Şairin çalakalem yazması, sık aralıklarla ve çok yazmak için yarışmasına kimsenin bir şey diyeceği olamaz. Şüphesiz!.. Bu acelecilik ise çalakalem yazılan eserlerdeki cümle kuruluşlarında hataya sebep olmakta, şiirde kafiye bulmayı zorlaştırmakta ve şiirde hece sayıları denkleştirilememektedir. Bundan dolayı kimi heceler eksik olarak karşımıza çıkmaktadır. Bu ise şairin sanatını ve yazılan şiirin kalitesini gölgelemektedir. 

“Bir ömrü sığdırdın ya bir dizeye.     11
Neler söylemişsin dünde, tazeye.      11
Şarabın tadında sunduğun bize ya.    12
Masamız dünden de çorak bilesin.    11 ”

İmlâda ve noktalamada ise hiçbir dikkat söz konusu değildir. Bu durum, şairin şiirlerinde kullandığı sözlerin yanlış anlaşılmasına sebebiyet vermektedir. “Hala onunla, onun`çin yaşarsın.”(Bibi, Hala; onunla onun için yazarsın?!..) yanlışı, “Hâlâ onunla, onun’çin yazarsın” şekliyle düzeltilebilir. Yine bu şiirde “için” sözü ölçüye uydurmak için “onun’çin” yazılmıştır. Halk aşıklarında bu çok olmasa da zorda kalan aşıklar, hemen bir yolunu bulup şiiri bu tür düzeltmelerle hece fazlalığından kurtarıp  şiirlerinin kıymet kaybetmelerine engel olmuşlardır. “Böyl’uzayıp gitmek” “e” sesi bilerek ve heceye uydurmak amacıyla düşürülmüş”. Sözün aslı: böyle uzayıp gitmek; Karac’oğlan, burada da  “a” sesi düşürülmüş. Sözün aslı: Karacaoğlan; “Acep şu yerde varm’ola?” “ı” sesi düşürülmüş. Sözün aslı: “Acep şu yerde var mı ola?” gibi.

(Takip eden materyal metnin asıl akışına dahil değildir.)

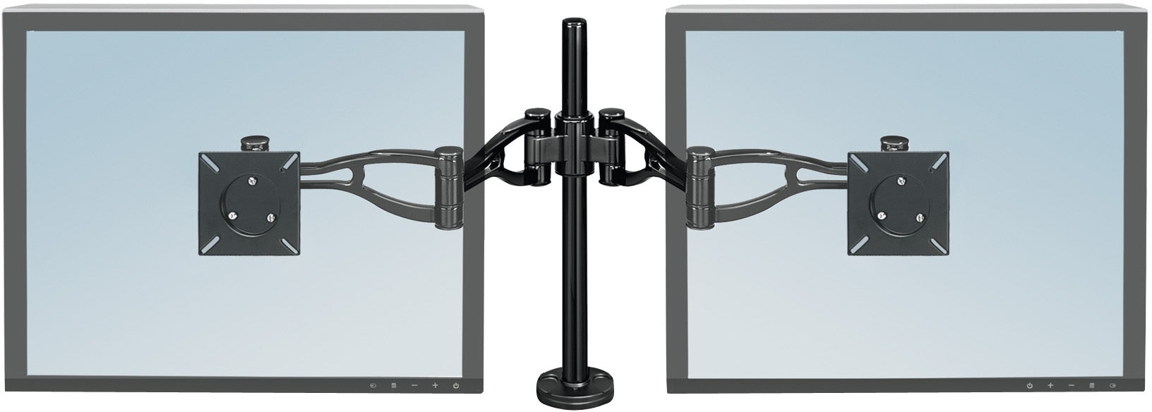 Der Doppel Monitorarm von Fellowes sorgt für optimalen Sichtkomfort. Beide Arme sind in Höhe und Winkel verstellbar. Durch die Klemmhalterung kann der Doppe Monitorarm einfach an einer Tischkante angebracht werden. Er braucht nur minimalen Platz auf Ihrem Schreibtisch, bietet aber maximalen Komfort für die Arbeit mit zwei Monitoren.

Lutuf  Veli de bu tür bir fazlalığı hemen görmüş ve anında müdahale edebilmiştir; fakat aynı şiirde imlâyı düzeltmeyi başaramamıştır.
“Kıblen bildin bir mezarı koşarsın.
Hala onunla, onun`çin yaşarsın.
Saza değil belki, söze düşersin.
Gitme , yolun sonu firak bilesin.

Lambanın gazı azalsa, bitse de.         11
Ocağın seyrelse, seyrek tütse de.       11
Vaktin saatin gelip yetse de.              10
Lutuf veli sana çırak bilesin...            11 ”

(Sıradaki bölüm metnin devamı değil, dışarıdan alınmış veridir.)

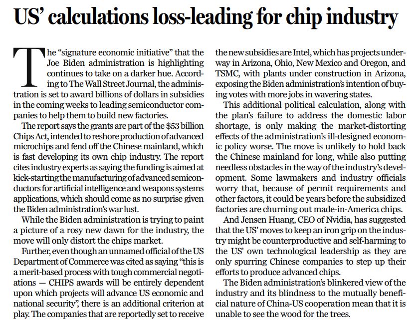拜登政府此前出臺的《芯片法案》,可為芯片企業(yè)提供總計(jì)530億美元的補(bǔ)貼,用以鼓勵先進(jìn)芯片制造產(chǎn)業(yè)向美國國內(nèi)回流,同時遏制正在快速發(fā)展自主半導(dǎo)體產(chǎn)業(yè)的中國大陸?!度A爾街日報》稱,上述建廠補(bǔ)貼,屬于《芯片法案》的一部分。報道還援引行業(yè)專家的觀點(diǎn)表示,這筆資金將為用于人工智能及武器系統(tǒng)的先進(jìn)半導(dǎo)體的生產(chǎn)提供啟動資金,而基于拜登政府對戰(zhàn)爭的狂熱,此舉不足為奇。

Son dörtlükte şair, şiirindeki başlangıçta gösterdiği başarıyı tamamen kaybetmiştir. Bu dörtlükte şiir daralmış, kafiye bulma ve onu gereği gibi yerleştirme güçleşmiş ve hecelerde eksikliklere varan zorlamalar meydana gelmiştir. Ayrıca İmlâ ve noktalama konusunda çok büyük yanlışlık ve hataya düşerek kendi soy ismini dahi küçük harfle yazma aceleciğine düşmüştür.

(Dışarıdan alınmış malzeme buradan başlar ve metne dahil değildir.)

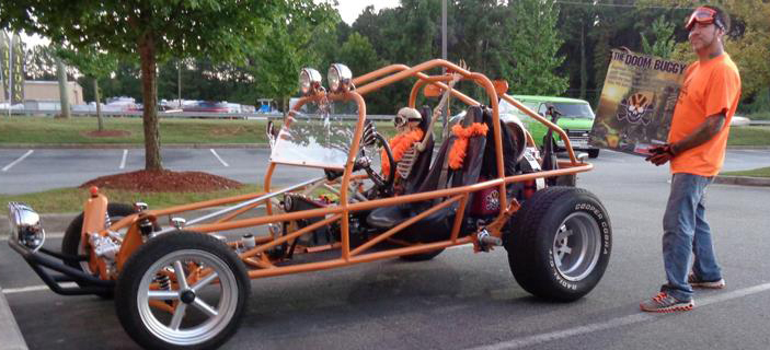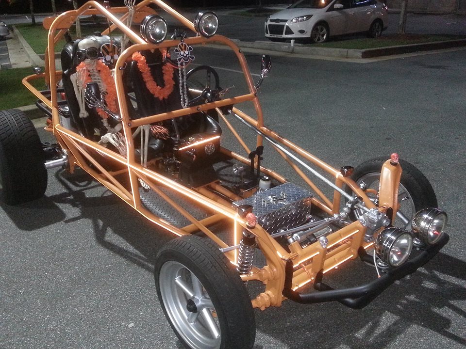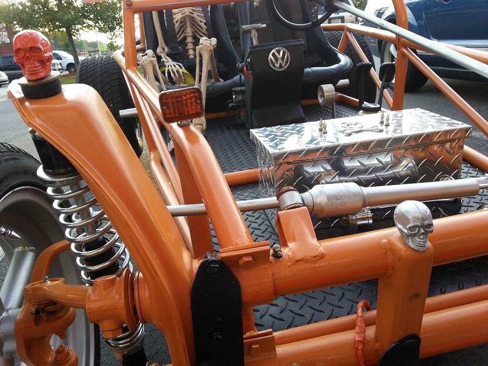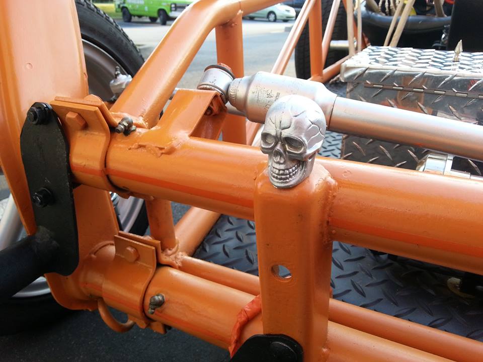 ☠ A hand built & hand painted award winning skull themed Rail Buggy with a 1974 VW Beetle 1600cc Engine, front end & a 70’s VW Bus rear end. A true collaboration. Built & painted by Popa Ray, Albin Cambell, Charlie Whitmire, Shawn Cash & Tim Baxley. Graphics by Tim Baxley. LIKE The DOOM BUGGY on FB! ☠

Yahya Kemal şiir için bir yazısında: “Yazdığım şiirlerin üzerinden bazan on yıl onbeş yıl geçer. Ona bir kelime ilave etmek için o kadar beklerim. Sonra o kelimeyi oraya korum.” Evet! O kadar olmasa da şiir bazen zaman ister, derinlemesine düşünmek, ister. Bazan da hemen gelir, apar topar söylersin; ama şiirde edebî bir güzellik hasıl olur. Onun için şiirin kıvamını beklemek gereklidir inancını taşımaktayım.

“Ney`in Uykusunda” adlı şiirde hece eksikliği küçük bir hata hemen göze batmakta ve usta şairleri inciten bir aldırmazlık şiire ve şaire de haklı olarak kara bir leke gibi yapışmaktadır.

“Toprak kızıl yaprak sarı.       4+4=8
Sevmiyorum baharları.           4+4=8
Çıkınca daha yukarı,              4+4=8
Maviler çalar sarı.                   4+3=7 ”
“İki Yüzlü, Neyin Uykusunda, Hâlâ Yıldızlar Uzaklarda, (hala) hâlâ; Aşk Böyle Bir Şey(sen se), sense; (dinderemedim), dindiremedim, gibi birçok imlâ ve noktalama yanlışlarını düzeltmek ve okuyucuya doğrusunu sunmak yazarın en başta gelen görevleri arasındadır. Yoksa bunu okuyan gençlik de: “Yazar böyle yazmış doğrusu budur. Demek ki böyle yazılıyor.” gibi yanılgıları da böylece önlemiş oluruz.

“Dokunma

Kendime bile geçmez hükmüm niceyim ben.13
Bin bir meşakkat, gün içinde geceyim ben.   13
Ozanın elinde saz,dilinde heceyim ben.        14
Ağlamaya halim yok dokunma telime.          13

Belki evvelden aldım derdi, kucak kucak.    13
Azraile öfkem, kaçarım köşe bucak.              13
Korkum senden yana, yine beni bulacak.      13
Bir garip eser takılmayasın yelime.                13

Hayır hasenet kalmadı ahvalim belli.             13
Ben duruldum acılardan gönül yelli.             12
Kırk beşimde dedim, yaşım...yaşarım elli.     13
Yok ki ahvalimi anlatacak kelime.                 13

Şiir hece ile yazılıyor ise yazılıp bittikten sonra şairlerin bulunduğu bir ortamda şiir görücüye çıkmalı, şiirin yazılış, hece, imlâ ve noktalama, kafiye uyumları  açısından bir eleştiriden geçmelidir. Eğer böyle bir imkan yoksa, bu konuda şiir bilgisine güvenilen bir şahısla konu tartışılabilir. Eğer bu da yok ise iyi şiir yazan birine okunmalı ve eksiklikler olup olmadığı sorularak gerekli düzeltmeler yapılmalı. Bu da yoksa evde kendi kendimize veya evden birilerine şiir yüksek sesle okunmalıdır. Böyle bir süzgeçten geçen şiirde, hata olsa bile şiir rayına oturmuştur. Buna rağmen şiirde eksiklikler olmaz demek yanlış olur. Bu sebeple şiir zaman ister, sabır ister, sürekli düzeltmek ister…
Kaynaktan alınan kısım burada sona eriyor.